O objectivo é claro: quebrar o ciclo de dependência da exportação de recursos brutos e estimular o desenvolvimento de uma indústria transformadora associada ao sector mineiro.

ENM assume controlo sobre minerais estratégicos

A Empresa Nacional de Minas (ENM) emerge como um dos principais instrumentos da nova arquitectura institucional. A proposta reserva à ENM direitos exclusivos sobre minerais considerados estratégicos, conferindo-lhe a responsabilidade de gerir a sua exploração e seleccionar parceiros de desenvolvimento.

Este modelo aproxima-se de práticas adoptadas em outros países ricos em recursos naturais, onde empresas estatais desempenham um papel activo na maximização da captura de valor e na defesa de interesses nacionais.

Além disso, a proposta reforça a capacidade do Estado em toda a cadeia — desde a prospecção até à comercialização — incluindo mecanismos de monitoria, controlo e rastreabilidade das actividades mineiras.

Redistribuição de receitas e inclusão económica

Outro elemento relevante da revisão é a obrigatoriedade de canalizar 10% das receitas mineiras para o desenvolvimento das comunidades locais onde os projectos são implementados. Este mecanismo será operacionalizado através de um fundo específico, com o objectivo de assegurar que os benefícios da exploração se traduzam em melhorias concretas nas condições de vida das populações.

A proposta prevê igualmente a criação de áreas reservadas para mineração artesanal e o estabelecimento de novas licenças para pequenas operações, promovendo a inclusão económica e a formalização de actividades que tradicionalmente operam à margem do sistema.

Adicionalmente, são introduzidas regras que privilegiam a participação de empresas nacionais na cadeia de valor, incluindo a prestação de bens e serviços ao sector mineiro, numa tentativa de estimular o tecido empresarial local.

Reconfiguração do modelo extractivo e desafios de implementação

A revisão da Lei de Minas representa uma tentativa clara de reconfigurar o modelo extractivo moçambicano, orientando-o para maior captura de valor interno, soberania económica e desenvolvimento industrial.

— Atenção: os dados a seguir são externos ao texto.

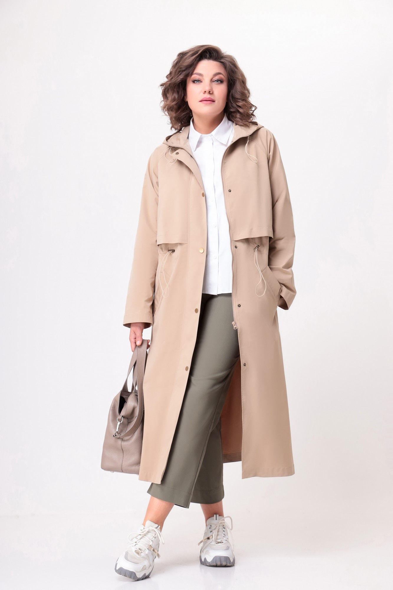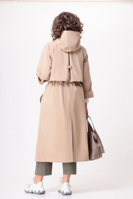 Плащ женский прямого силуэта, выполнен из качественной голландской плащевой ткани. Рукав длинный, реглан. Плащ со стойкой и капюшоном. Изделие с центральной застёжкой на тесьму-молнию. Молния закрыта планкой, которая застёгивается на пробивные декоративные кнопки. По переду и спинке плаща - отлетная кокетка. По спинке кокетки заложена встречная складка, которая застёгивается патой на пробивную кнопку. В нижней части переда обработаны прорезные карманы с листочками. Капюшон и талия регулируется двойными резинками и фиксаторами. В нижней центральной части спинки обработана шлица.

Contudo, a eficácia destas medidas dependerá de vários factores críticos. A imposição de processamento local exige investimentos significativos em infraestruturas, energia e capital humano, sob pena de criar estrangulamentos operacionais. Por outro lado, o reforço da presença do Estado levanta questões sobre capacidade institucional, eficiência e governança.

A experiência internacional mostra que modelos com forte intervenção estatal podem gerar resultados positivos quando acompanhados de transparência, estabilidade regulatória e capacidade técnica, mas também podem introduzir riscos adicionais se não forem devidamente calibrados.

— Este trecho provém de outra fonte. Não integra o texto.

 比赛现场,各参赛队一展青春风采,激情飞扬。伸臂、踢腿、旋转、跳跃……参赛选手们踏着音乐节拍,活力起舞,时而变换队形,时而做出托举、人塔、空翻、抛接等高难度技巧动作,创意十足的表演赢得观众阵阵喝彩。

Entre ambição estrutural e execução prática

A proposta reflecte uma ambição clara de transformar o sector mineiro num motor de industrialização e desenvolvimento económico. Ao reforçar o papel do Estado e impor a transformação local dos recursos, o Governo procura capturar uma parcela maior da riqueza gerada.

No entanto, o verdadeiro teste desta reforma residirá na sua implementação. A capacidade de traduzir princípios legais em resultados económicos concretos — emprego, industrialização e receitas fiscais — será determinante para avaliar o sucesso desta nova abordagem.

Num país com vastos recursos naturais e desafios estruturais persistentes, a revisão da Lei de Minas poderá representar um ponto de inflexão — ou mais um capítulo num percurso ainda em construção.